#### TASK TO CARRY OUT:
Every line below from the one with "Sápan er sérstaklega" through the one with "华中科技大学生物工程系毕业生" should be retyped exactly, both ends included; no other lines and no pictures.

#### TASK INPUTS:
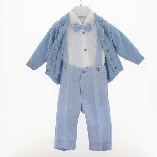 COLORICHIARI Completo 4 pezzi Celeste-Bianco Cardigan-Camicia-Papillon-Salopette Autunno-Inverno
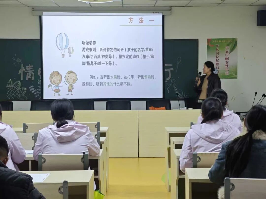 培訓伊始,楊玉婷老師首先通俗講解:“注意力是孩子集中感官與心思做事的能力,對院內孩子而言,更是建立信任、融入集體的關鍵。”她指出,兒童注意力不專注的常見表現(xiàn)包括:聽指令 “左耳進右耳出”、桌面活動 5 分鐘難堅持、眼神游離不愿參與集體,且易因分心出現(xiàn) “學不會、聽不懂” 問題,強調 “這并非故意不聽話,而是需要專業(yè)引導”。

* * *

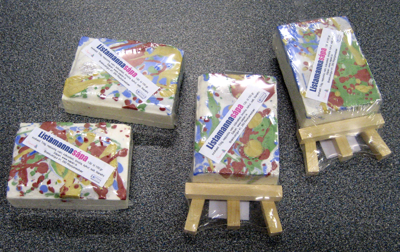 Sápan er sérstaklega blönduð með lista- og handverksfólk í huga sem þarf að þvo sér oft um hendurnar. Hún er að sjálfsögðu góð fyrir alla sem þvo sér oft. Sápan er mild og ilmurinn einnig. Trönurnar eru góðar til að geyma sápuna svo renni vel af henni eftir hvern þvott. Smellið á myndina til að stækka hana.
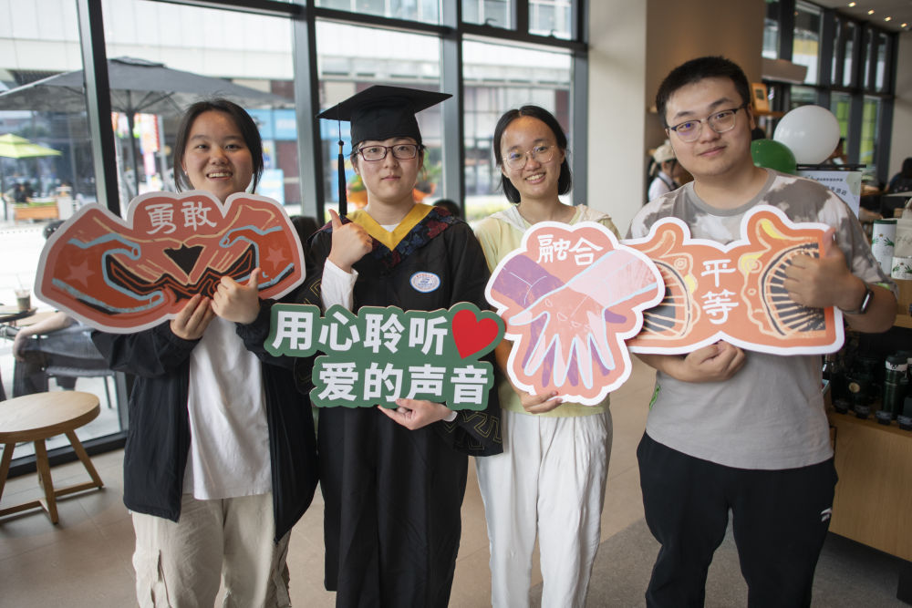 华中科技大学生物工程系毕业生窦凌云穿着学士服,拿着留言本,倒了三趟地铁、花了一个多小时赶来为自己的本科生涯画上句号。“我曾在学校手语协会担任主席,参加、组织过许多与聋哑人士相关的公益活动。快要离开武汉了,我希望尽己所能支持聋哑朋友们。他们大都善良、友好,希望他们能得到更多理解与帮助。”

#### EXERCISE SOLUTION:
 Sápan er sérstaklega blönduð með lista- og handverksfólk í huga sem þarf að þvo sér oft um hendurnar. Hún er að sjálfsögðu góð fyrir alla sem þvo sér oft. Sápan er mild og ilmurinn einnig. Trönurnar eru góðar til að geyma sápuna svo renni vel af henni eftir hvern þvott. Smellið á myndina til að stækka hana.
 华中科技大学生物工程系毕业生窦凌云穿着学士服,拿着留言本,倒了三趟地铁、花了一个多小时赶来为自己的本科生涯画上句号。“我曾在学校手语协会担任主席,参加、组织过许多与聋哑人士相关的公益活动。快要离开武汉了,我希望尽己所能支持聋哑朋友们。他们大都善良、友好,希望他们能得到更多理解与帮助。”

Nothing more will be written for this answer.